The three stood and watched the two young people humping in the lush vegetation. Some animals that were impatient to get names were hanging on the edges of the action. Now, the animals had already experienced some really annoying trends by the pair. At first, the names were basic—some flat worms were called ‘flatworms’. Small flying bugs got called ‘flies’. Small smelly beetles were called ‘stinkbugs’ and so on. They went through a silly phase with names like pink fairy armadillo, spiny lumpsucker, tassled wobbegone, platypus, geoduck, and matamata. For a while, they gave small names to small animals and big names to big animals—ant, crab, tiger, elephant, diplodocus, and argentinosaurus.

So, it is probably unsurprising that the two did not put a lot of thought in the names they were giving out now, being distracted by the shagging they were giving each other. A sea bird got the name ‘boobie’. A small bird was named the ‘tit’. A larger bird got saddled with ‘cock’ and a fish got the name ‘ahole’. A small antelope approached for a name, and when the stunned animal asked for a clarification, Adam called it the same thing twice—a ‘dik dik’. A large rodent got stuck with ‘beaver’ and the worse may have been the sea mammal that was named ‘sperm whale’. Disgusted, most of the animals just gave up and left.

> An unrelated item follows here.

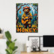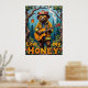 This heartwarming artwork captures a bear dressed in firefighter gear, including a helmet and sunglasses, playing an acoustic guitar while comfortably seated on a thick tree branch in a dense forest. A jar of honey hangs above, suspended from another branch. The background features tall trees and lush undergrowth. The painting's thick, textured strokes add to the endearing quality of the image, with the words "Love My Honey" featured below.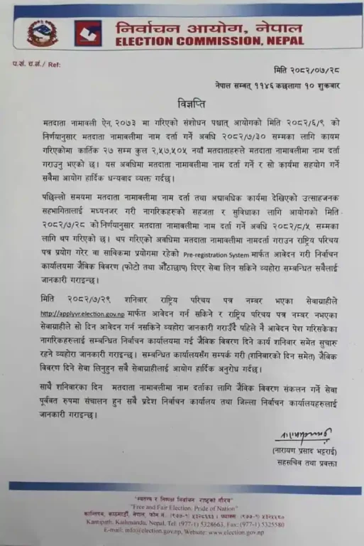 पछिल्लो समयमा मतदाता नामावलीमा नाम दर्ता तथा अद्यावधिक कार्यमा देखिएको उत्साहजनक सहभागितालाई मध्यनजर गरी नागरिकहरूको सहजता र सुविधाका लागि आयोगको शुक्रबारको निर्णयानुसार मतदाता नामावलीमा नाम दर्ता गर्ने अवधि आगामी मंसिर ५ गते सम्मका लागि थप गरेको छ।

Adam and Eve had been discovering new positions quickly. They progressed from doggy style to cat, to tangled spider, to butterfly, to swan and stallion. They were trying it monkey-style when tumbled out of the tree and began to roll to the edge of a cliff. Yeah, they rolled through the briars, and they rolled through the brambles and they rolled through the bushes where a rabbit couldn’t go. They rolled so fast that the hounds couldn’t catch ‘em, down the sloping sides to the desert sands below.

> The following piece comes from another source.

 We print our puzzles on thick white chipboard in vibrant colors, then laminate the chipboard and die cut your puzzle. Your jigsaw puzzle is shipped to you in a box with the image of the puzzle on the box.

Yahweh looked over the edge. “Hey, guys? Catch.” He tossed over a bundle. “Well”, YHWH humphed. “I guess that experiment is over. They’ll never be able to climb back up that. Come on, let me show you the Adam and Steve version before I send you back.” The three went over to the last quadrant.

Meanwhile, back out of the jungle, Adam and Eve were sitting in the soft, warm sand. Adam was rubbing his bruised shoulders and Eve was rubbing her sore hoo-haw. “I’m hungry” Adam whined.

“What do you expect me to do about that?” Eve griped.

“Feed me?”

“Why, sure honeybun! Here!” She dumped a handful of red sand on him. “Come on, we’ve got to get back up there.” The two tried to climb the steep cliffs for hours to no avail. “Damn it, this is all your fault! You were thinking with your prick!”

“Hey, you started all this by looking all prick-stiffening like that.” Eve preened a bit at the comment. “I know—let’s blame it on that thing, the snake and that fruit you ate!” Eve tentatively agreed to that.

“One thing’s for sure.” Eve mused.

‘What’s that?”

“Yahweh must really hate this sex stuff.”

Adam looked puzzled. “What do you mean?”

“Well, I mean He was right there, watching us, and just let us roll over the edge. He also did not lift a finger to help us back up.”

Adam pointed out that He tossed them some stuff.

“True. Let’s see what it is.” They opened the bundle and found some seed packets and clothes. Eve began to get dressed, which made Adam sad. “Adam, honey, do these slacks make my butt look big?”

Adam, gaining wisdom, changed the subject.